Plaintiff also filed an application to proceed IFP and an amended IFP application. (Dkt. Nos. 2, 7.)

II. PLAINTIFF'S APPLICATIONS TO PROCEED IN FORMA PAUPERIS

“When a civil action is commenced in a federal district court, the statutory filing fee, currently set at $402, must ordinarily be paid. 28 U.S.C. § 1914(a). A court is authorized, however, to permit a litigant to proceed IFP status if a party “is unable to pay” the standard fee for commencing an action. 28 U.S.C. § 1915(a)(1). After reviewing Plaintiff's amended IFP application (Dkt. No. 7), the Court finds that Plaintiff meets this standard. Therefore, Plaintiff's amended application to proceed IFP is granted. In addition, Plaintiff's original application to proceed IFP is denied as moot. (Dkt. No. 2.)

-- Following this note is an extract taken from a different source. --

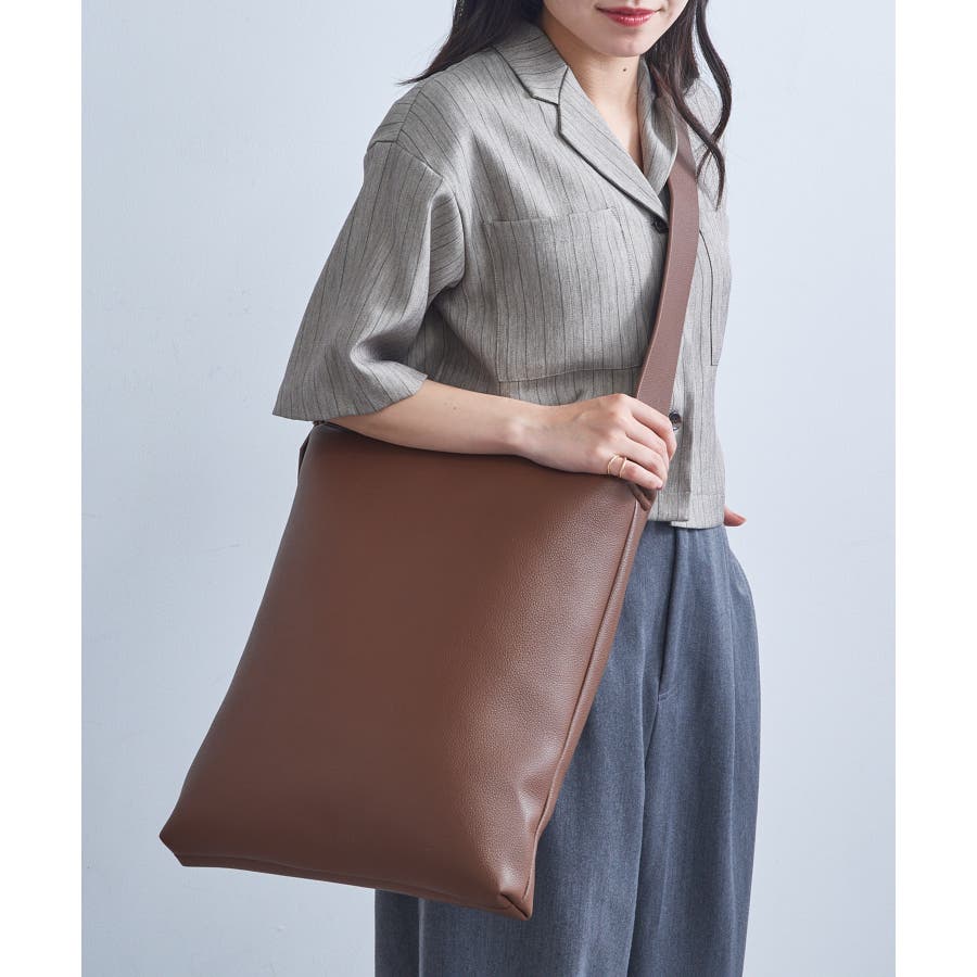 端正なスクエアフォルムが目を惹くトートバッグ。

The language of that section is ambiguous because it suggests an intent to limit availability of IFP status to prison inmates. See 28 U.S.C. § 1915(a)(1) (authorizing the commencement of an action without prepayment of fees “by a person who submits an affidavit that includes a statement of all assets such prisoner possesses”). The courts have construed that section, however, as making IFP status available to any litigant who can meet the governing financial criteria. Hayes v. United States, 71 Fed.Cl. 366, 367 (Fed. Cl. 2006); Fridman v. City of N.Y., 195 F.Supp.2d 534, 536 n.1 (S.D.N.Y. 2002).

The Court notes that Section 1915(a)(1) does not set financial guideposts as standards for determining IFP eligibility. Although Plaintiff's income appears to be above the federal poverty guidelines (Dkt. No. 7 at ¶ 2), based on his monthly expenses (id. at ¶ 6) and support contributions for his minor children (id. at ¶ 7), I find that he has established-albeit barely- that he is “unable” to pay the filing fee, or that paying the filing fee would pose a “serious hardship.”

Plaintiff is reminded that, although his amended IFP application has been granted, he is still required to pay fees that he may incur in this action, including copying and/or witness fees.

III. LEGAL STANDARD FOR INITIAL REVIEW OF COMPLAINT

“Notwithstanding any filing fee, or any portion thereof, that may have been paid, the court shall dismiss the case at any time if the court determines that . . . the action . . . (i) is frivolous or malicious; (ii) fails to state a claim on which relief may be granted; or (iii) seeks monetary relief against a defendant who is immune from such relief.” 28 U.S.C. § 1915(e)(2).

In determining whether an action is frivolous, the court must consider whether the complaint lacks an arguable basis in law or in fact. Neitzke v. Williams, 490 U.S. 319, 325 (1989). Dismissal of frivolous actions is appropriate to prevent abuses of court process as well as to discourage the waste of judicial resources. Neitzke, 490 U.S. at 327; Harkins v. Eldridge, 505 F.2d 802, 804 (8th Cir. 1974); see Fitzgerald v. First East Seventh Street Tenants Corp., 221 F.3d 362, 364 (2d Cir. 2000) (a district court “may dismiss a frivolous complaint sua sponte even when the plaintiff has paid the required filing fee[.]”); see also Pflaum v. Town of Stuyvesant, Columbia Cnty., N.Y., 11-CV-0335, 2016 WL 865296, at *1, n.2 (N.D.N.Y. Mar. 2, 2016) (Suddaby, C.J.) (finding that the Court had the power to address and dismiss additional theories of the plaintiff's retaliation claim sua sponte because those theories were so lacking in arguable merit as to be frivolous).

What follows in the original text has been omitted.